Check out our crazy video we made with visual artist Joshua Harris-Harding for this song. It sums up what the lyrics and this paragraph cannot. The story is roughly about a future gig economy where mutant children are forced to work in unsanitary conditions cleaning waste. At night these youth gangs roam the grim cities meting out cruel forms of entertainment. And in this video our young leader’s karma is dealt a blow after she heckles a demi-god, shaving him bald. The young punk gets an infection of ‘bird beaks’ and is set on fire by the local gnostic priest. Our young leader is then reincarnated without hair in heaven.

“Piss Baby”

This song is one part football hooligan anthem, one part fire and brimstone sermon. At one time in history, Christendom was divided along theological lines by a phrase that was etched into a toilet wall. Now we are divided by those who can piss in the street and those who cannot. It questions the poor town planning of our neoliberal city – how can we remain civilised when there are no facilities freely available? 

“Romance Writer”

“Romance Writer” is probably the only song we’ve written that is explicitly about a subject, and it borders on being comedy. Most of our songs don’t present our point of view – but instead the perspective of the characters we conjure. We can be terrible, arch and severe entities from dystopian worlds or… a romance writer, of the Mills & Boon variety, down and out. His schtick wearing thin. Even his leading heroine becomes possessed with free will, and by the end of “Romance Writer” she has abandoned the author to a writers block.

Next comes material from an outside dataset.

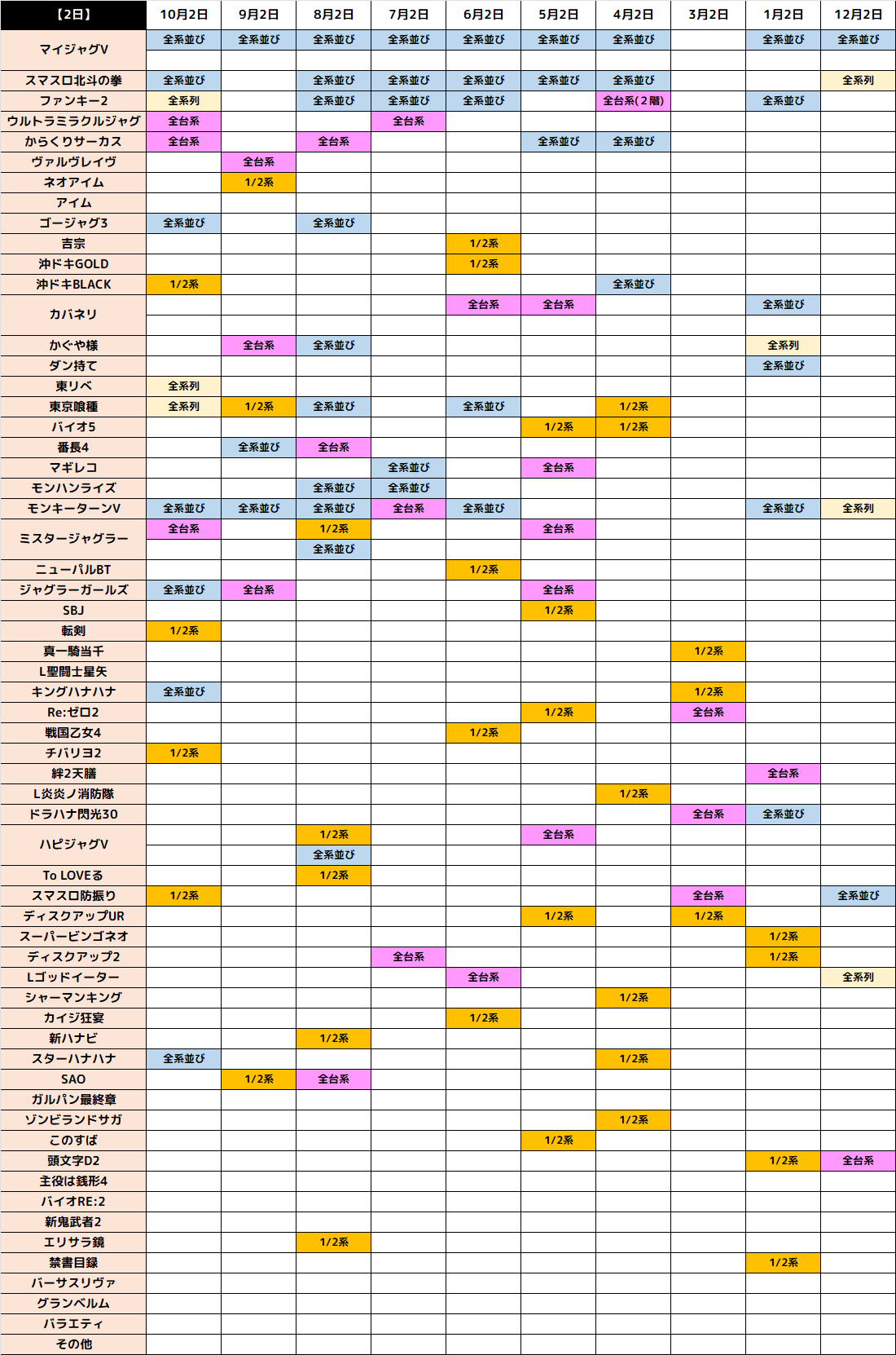 本日は全台系濃厚を複数確認できましたが、1/2系濃厚と思われる機種も多数確認することができました。

Once again we were blessed to work with one of our favourite musicians – the talented Hermione Jonson who brought a Liberace-inspired fury of sweet and beguiling accompaniment. Much like the swooning quality that lulls readers into the sickly and sweet genre trappings of romance novels. The video for this track was shot by director Britt Walton and we felt it only right to serve up and honour the New Wave Victorian aesthetic of the ’70s. In it we see the tortured author come to realise his quickly loosening grip on his strong-willed heroine, whose split alter ego is awakened by a dark stranger. But then a series of loaded cliches helps her come to her senses and head for the hills.